Rivolgendosi agli Alfieri, il Presidente ha detto: “Voi agite come fanno tante e tanti ragazze e ragazzi in Italia o in altri Paesi praticando solidarietà, impegno comune, facendosi carico dei problemi generali, capendo che non si vive da soli ma si vive insieme agli altri e ci si realizza insieme agli altri. Tutto questo è un antidoto anche contro la violenza e per questo vi ringrazio, perché indica un modello di vita che si contrappone a quello di prepotenza, sopraffazione, violenza. La vediamo purtroppo sovente: violenza nelle famiglie, violenza nelle abitazioni, violenza contro le donne, violenza in tante circostanze per strada, addirittura nei giorni scorsi davanti a una scuola contro ragazzi“.

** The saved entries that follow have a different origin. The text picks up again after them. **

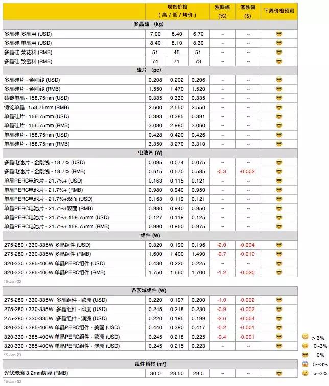 随着印度的保障措施税即将下调,印度的需求已开始出现回温,同时也带动多晶电池片需求略有起色,本周跌幅趋缓,成交价格落在每片2.65-2.7元人民币上下,但由于各家接单情况不一,价格区间拉大,高于、低于主流价格区间的订单也都有出现。随着印度旺季将至,预期农历年后至3月多晶产品需求能较有支撑。国内2019的竞价项目抢装潮延续至今年一季度、加上单晶硅片供应紧张,预期单晶电池片至农历年前价格都能维持平稳,M2尺寸单晶电池片价格维持在每瓦0.95元人民币,G1尺寸大多维持在每瓦0.97-0.98元人民币,但二线厂已出现0.95-0.96元的较低价格。目前观察仍有不少多晶电池片产线在连假期间有较长天数的休假,以控制库存。单晶电池片也有部分电池片厂家在年节小幅休假,但大多厂家仍都维持较高的单晶电池片产线开工率。
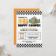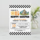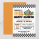 Celebrate your one happy dude with this retro 70s groovy one first birthday invitation. This design perfectly blends a camping theme with a vintage aesthetic, featuring a bold black and white checkered border and an eye-catching tent and sun graphic.
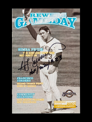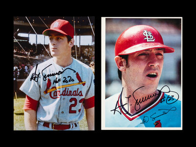 four St. Louis Cardinals photographs; 1973 St. Louis Cardinals large schedule; 1977 St. Louis Cardinals yearbook; 2007 Milwaukee Brewers program; two Milwaukee Brewers photographs; May 1983 edition of What's Brewing Milwaukee Brewers magazine.
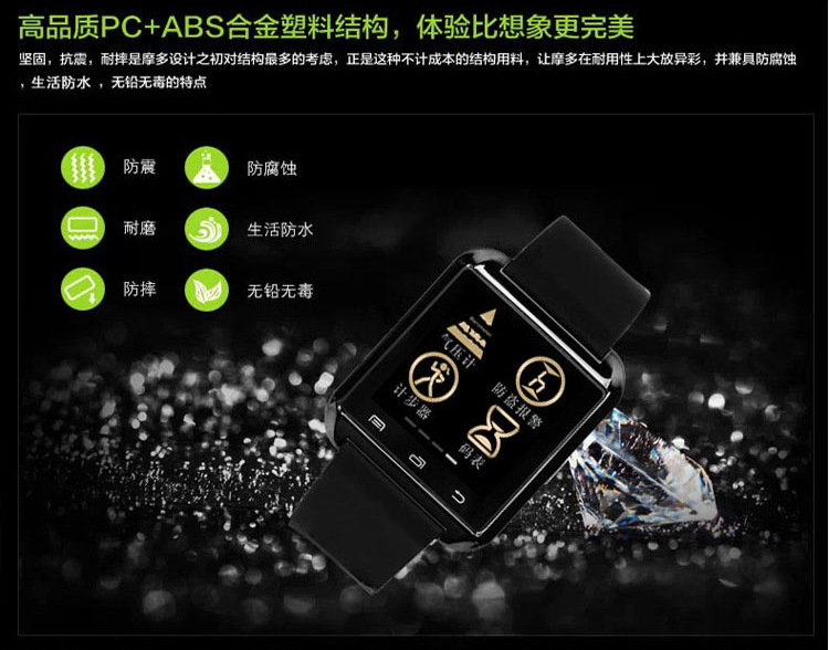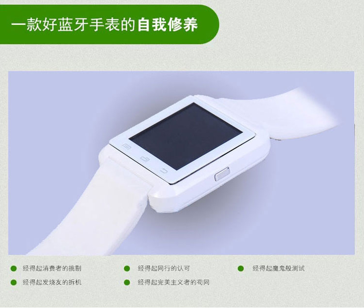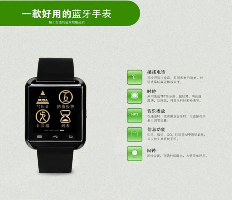 功能簡介:支持觸屏操作、有撥號盤可隨意按號撥打、同步手機電話本、同步手機mp3音樂播放、來電顯示、來電震動或鈴音提醒、計步器、氣壓計、高度計、秒表、鬧鐘、防盜報警,安卓的手機大部份可同步手機短信、QQ 微信等信息提示或查看、可遙控手機拍照。

L’intervento del presidente avviene all’indomani delle polemiche relative agli scontri al liceo di Firenze. “Vi sono episodi di violenza contro i quali la vera diga è fatta, oltre naturalmente dagli interventi della pubblica autorità, ma è fatta in maniera prevalente soprattutto dai comportamenti positivi che si realizzano, vengono fuori, si manifestano, come quelli che voi avete messo in campo. Per questo vi ringrazio, il nostro è un Paese che ha sempre coltivato la civiltà della condizione umana”, ha aggiunto il Capo dello Stato, seduto in prima fila vicino al ministro dell’Istruzione e merito, Giuseppe Valditara.
Durante la Seconda Guerra Mondiale, ha ricordato Mattarella, “già molti contestavano, si opponevano, ai comportamenti aggressivi. Molti giovani, anche nelle difficoltà, con coraggio, vi si opponevano. Due giorni fa ricorrevano gli 80 anni dalla morte, perchè giustiziati, di alcuni ragazzi, una quindicina di ragazzi tedeschi poco più che ventenni che con coraggio, nella Germania di Hitler, si opposero al nazismo, contro la violenza, rifiutando la pratica della violenza. Vi si opposero con le parole, con i messaggi, con gli opuscoli, con gli scritti. Pagarono questo con la vita, la resero testimonianza questi ragazzi poco più che ventenni guidati da due di loro, coetanei, Hans e Sophie Scholl del Movimento della Rosa Bianca”. Quei giovani, sottolinea il capo dello Stato, “seminarono per il futuro”.